INSTRUCTIONS TO FOLLOW: The data below contains pictures, which are to be skipped; the lines starting at the line with "Growth rate of" and ending at the line with "There were distinct" are to be output exactly, both ends included.

AVAILABLE RECORDS:
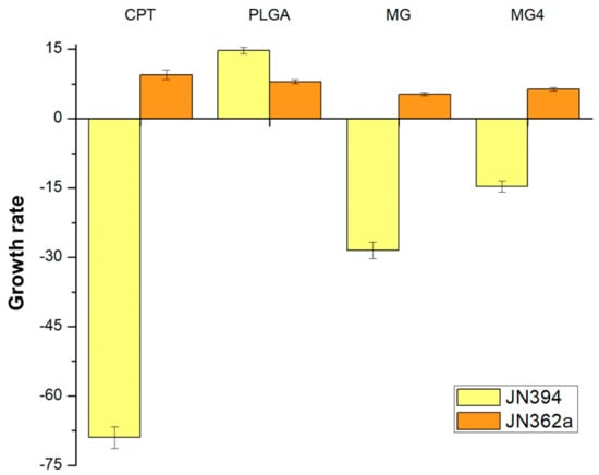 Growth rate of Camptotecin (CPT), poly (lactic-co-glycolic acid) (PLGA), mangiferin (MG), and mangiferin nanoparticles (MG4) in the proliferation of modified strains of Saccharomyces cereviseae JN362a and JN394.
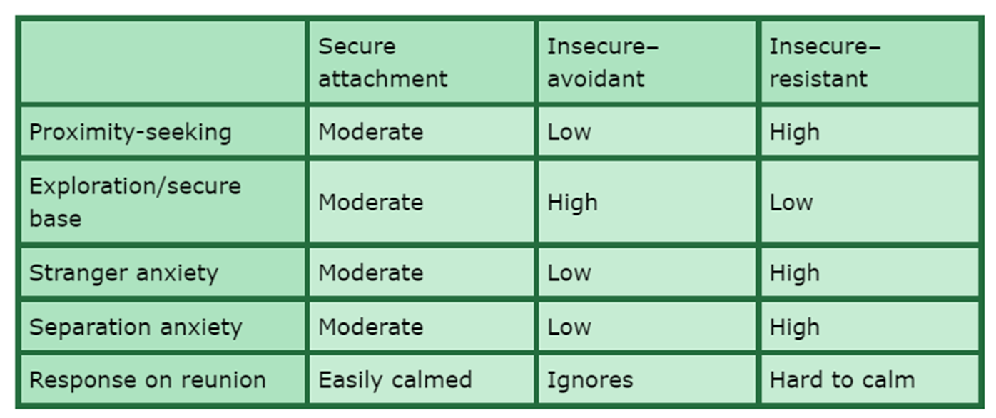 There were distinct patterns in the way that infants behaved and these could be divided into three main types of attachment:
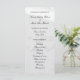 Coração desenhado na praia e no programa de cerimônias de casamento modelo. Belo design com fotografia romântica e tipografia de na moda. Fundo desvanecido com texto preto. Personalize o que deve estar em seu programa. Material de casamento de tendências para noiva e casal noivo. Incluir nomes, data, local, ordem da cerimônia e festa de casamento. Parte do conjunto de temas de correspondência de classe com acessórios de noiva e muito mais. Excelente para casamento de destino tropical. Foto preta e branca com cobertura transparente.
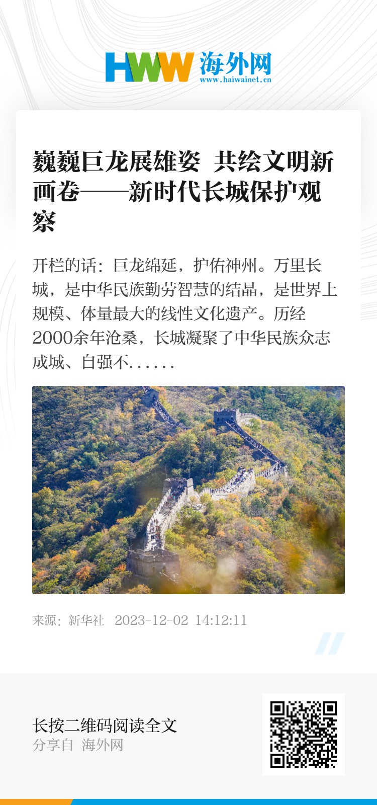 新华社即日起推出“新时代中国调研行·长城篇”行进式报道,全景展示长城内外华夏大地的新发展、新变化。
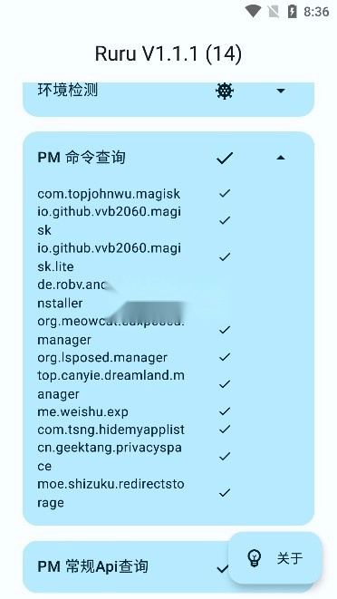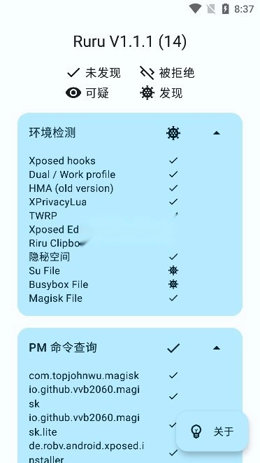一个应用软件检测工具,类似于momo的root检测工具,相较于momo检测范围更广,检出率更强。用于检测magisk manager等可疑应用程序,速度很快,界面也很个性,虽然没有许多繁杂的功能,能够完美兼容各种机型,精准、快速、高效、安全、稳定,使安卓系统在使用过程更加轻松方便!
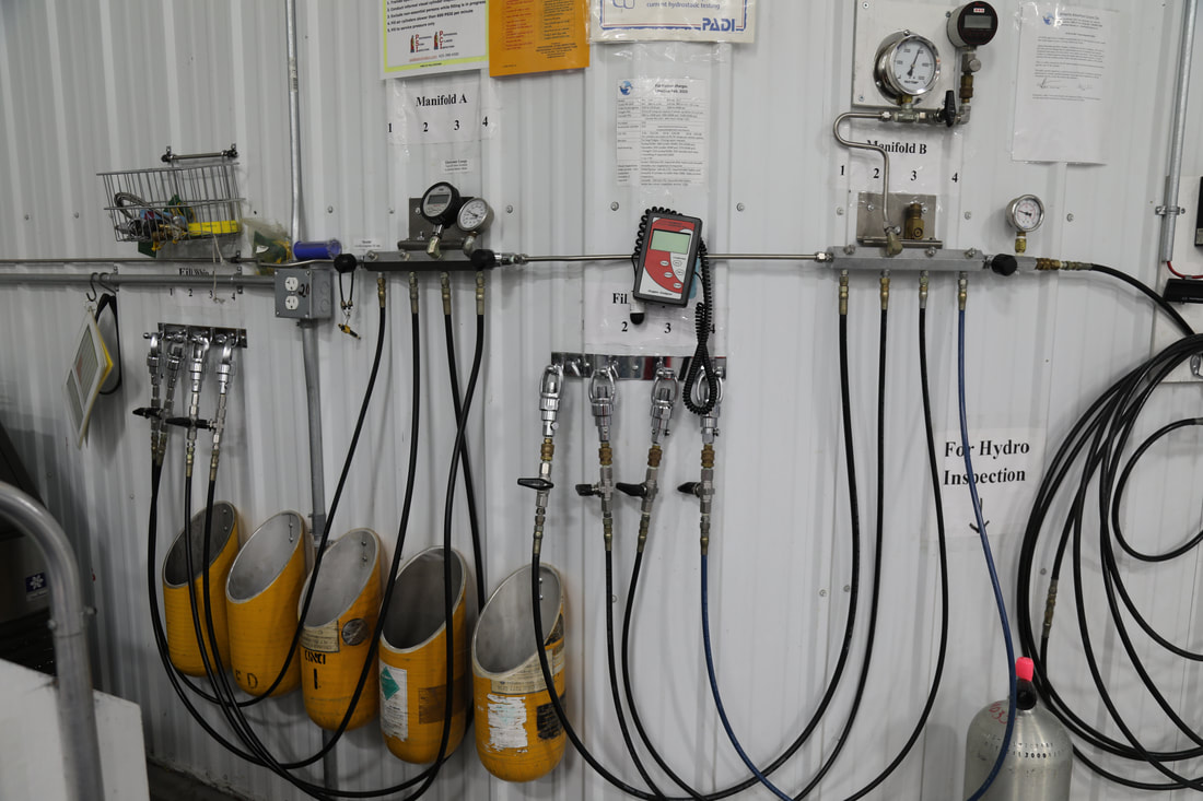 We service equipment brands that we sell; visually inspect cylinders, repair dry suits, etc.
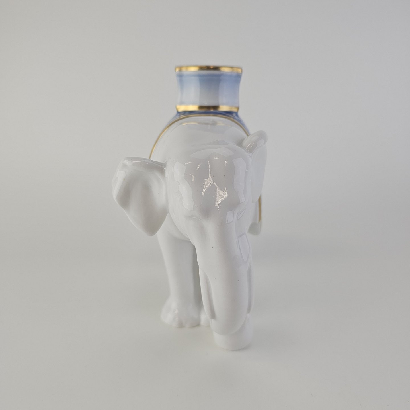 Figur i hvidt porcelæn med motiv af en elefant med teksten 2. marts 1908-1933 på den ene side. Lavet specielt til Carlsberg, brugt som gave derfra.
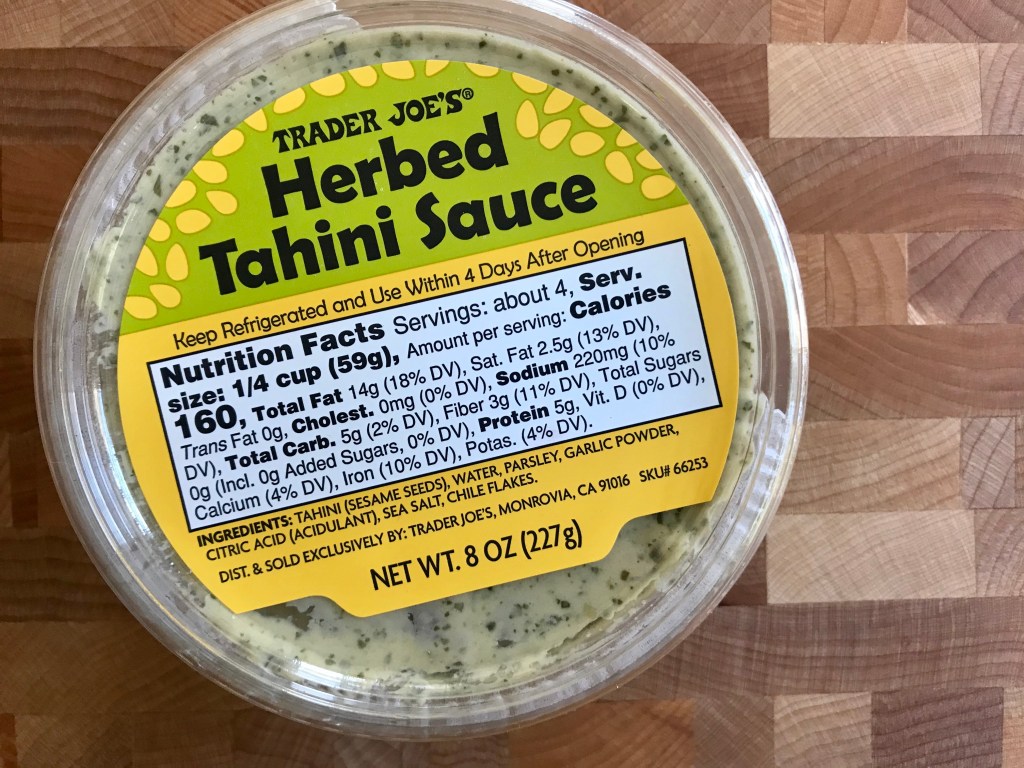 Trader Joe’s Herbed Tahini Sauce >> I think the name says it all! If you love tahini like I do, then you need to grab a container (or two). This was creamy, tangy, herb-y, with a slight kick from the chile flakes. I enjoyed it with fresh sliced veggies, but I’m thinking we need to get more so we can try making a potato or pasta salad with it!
--
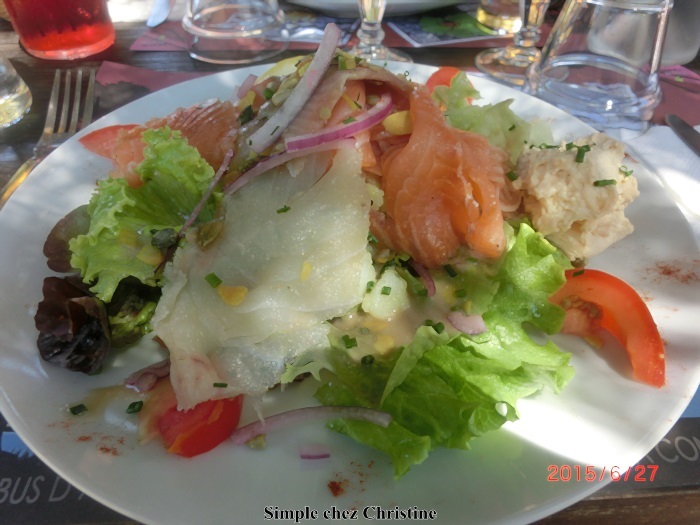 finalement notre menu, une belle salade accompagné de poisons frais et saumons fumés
--
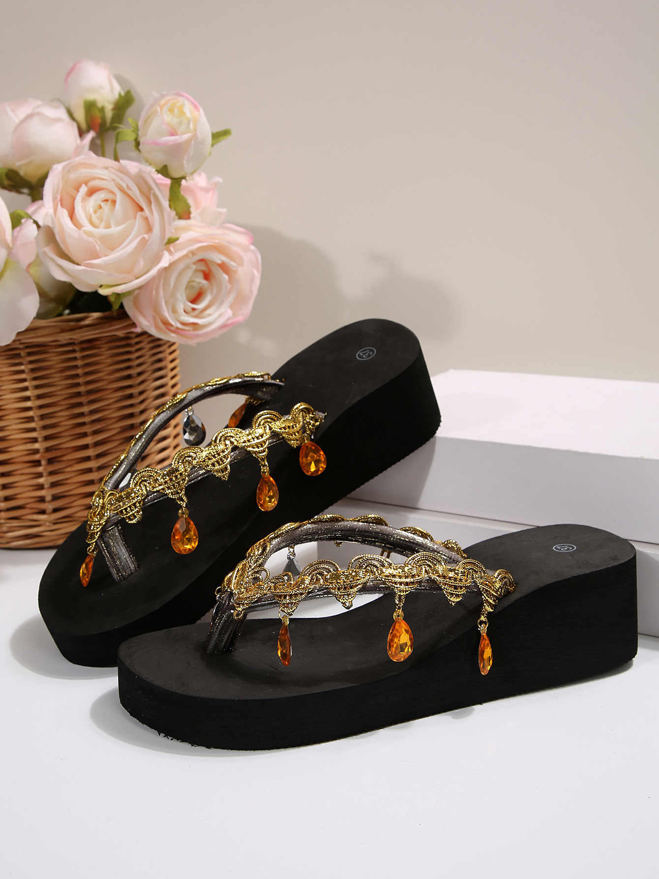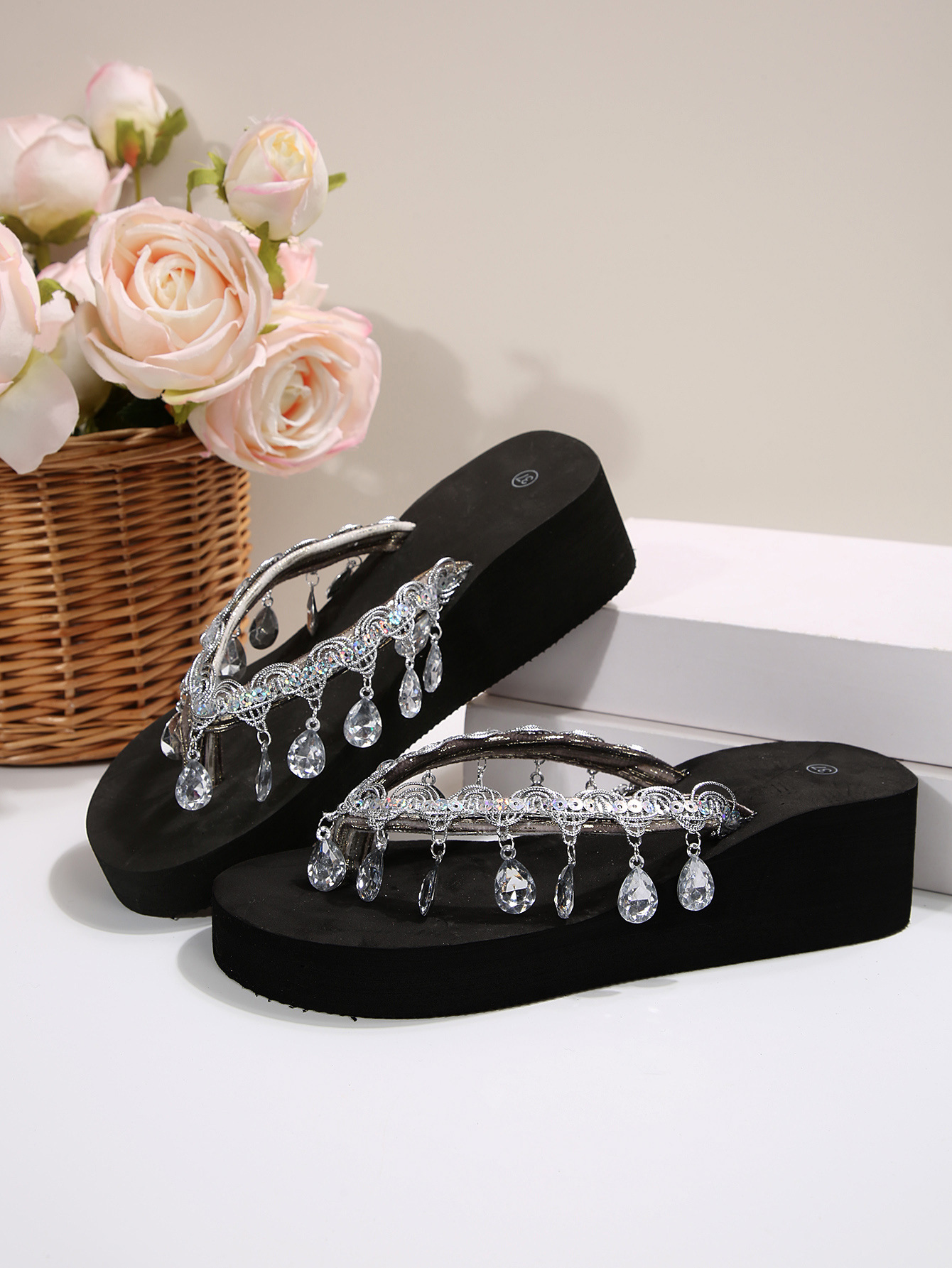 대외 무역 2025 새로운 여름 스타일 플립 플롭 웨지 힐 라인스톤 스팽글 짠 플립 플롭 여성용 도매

EXPECTED ANSWER:
 Growth rate of Camptotecin (CPT), poly (lactic-co-glycolic acid) (PLGA), mangiferin (MG), and mangiferin nanoparticles (MG4) in the proliferation of modified strains of Saccharomyces cereviseae JN362a and JN394.
 There were distinct patterns in the way that infants behaved and these could be divided into three main types of attachment:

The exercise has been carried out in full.